LO SCETTICISMO CI STA MA NIENTE BOCCIATURE

21 Luglio 2014

I fuochi di artificio li vedremo per la festa di Sant'Andrea ormai alle porte, ma certo non per il mercato del Pescara. A Boario, lontano dagli occhi e dal cuore, Baroni lavora da capocantiere, così...

I fuochi di artificio li vedremo per la festa di Sant'Andrea ormai alle porte, ma certo non per il mercato del Pescara. A Boario, lontano dagli occhi e dal cuore, Baroni lavora da capocantiere, così come del resto sapeva fin dall'inizio della sua avventura in biancazzurro, con una squadra che rischia di cambiare di giorno in giorno e che sicuramente non potrà essere completata in tempi brevi.

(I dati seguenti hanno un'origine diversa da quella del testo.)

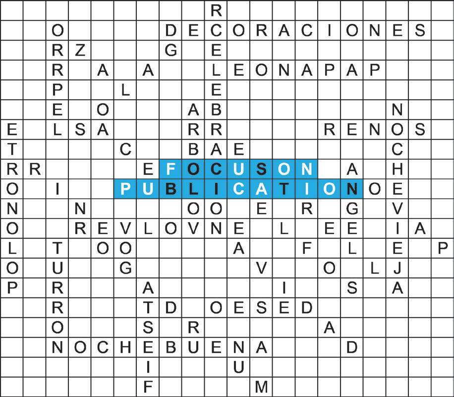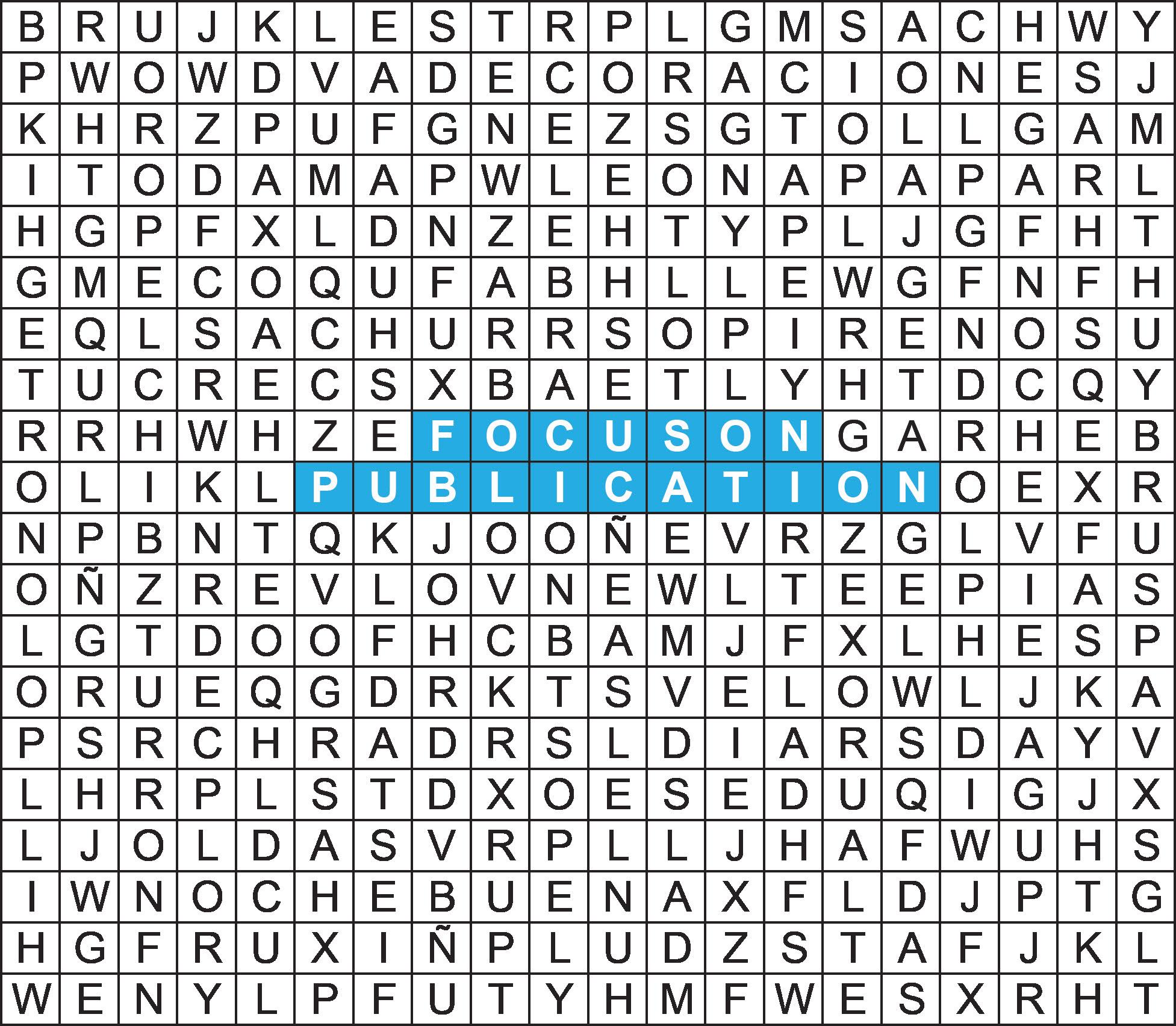 Find all the Spanish words from the word list in the puzzle grid. Words may be found going forwards, backwards, up, down or diagonally. Answers can be found in the back of the magazine. Good Luck.

Una scelta obbligata quella di Pavone e Repetto cui la società ha affidato il compito di rifondare quell'organico costruito male nel corso della deludente stagione scorsa e che continua a portarsi dietro troppi dei molti problemi che hanno determinato l'ultimo fallimento tecnico, ma anche enormi e non preventivati disagi sul piano della gestione economica del costoso giocattolo. Il contratto di Marino (un altro milione da buttare a fondo perduto) quelli nell'insieme altrettanto onerosi di giocatori come Bianchi Arce, Vukusic e Sforzini, che sembrano non avere alcuna possibilità di entrare a far parte del progetto tecnico affidato all'ex allenatore del Lanciano, obbligano diesse e diggì ad andare avanti con i piedi di piombo, aspettando occasioni e momenti propizi che possano consentire all'allenatore di chiudere il cantiere prima dell'inizio del campionato con una squadra che lui stesso dovrà ovviamente contribuire a rendere affidabile e competitiva. Che tutto questo, in aggiunta alle sberle rimediate nell'ultima B, abbia determinato un clima di scetticismo e più di una perplessità su quello che potrà regalare il nuovo corso è quanto meno comprensibile, ma certo non giustifica bocciature preventive. L'organico, al momento, è incompleto e male assortito, ma certo non perché non si sia riusciti a portare in biancazzurro un Barillà qualsiasi o una delle tante altre "figurine" che continuano ad animare il mercato della B e che in passato hanno fatto disastri anche da queste parti (Edmar, Sivebaek, Mendy, Pisano , Ferrante, Caffarelli, Artico, Colucci, Blasi, tanto per citare a caso nomi nemmeno troppo recenti). Avanti adagio allora se questo può aiutare a sbagliare di meno e a far tesoro di errori commessi nelle ultime due stagioni. I giudizi, positivi o negativi che siano, lasciamoli al campo quando avremo modo di scoprire che faccia avrà il nuovo Pescara.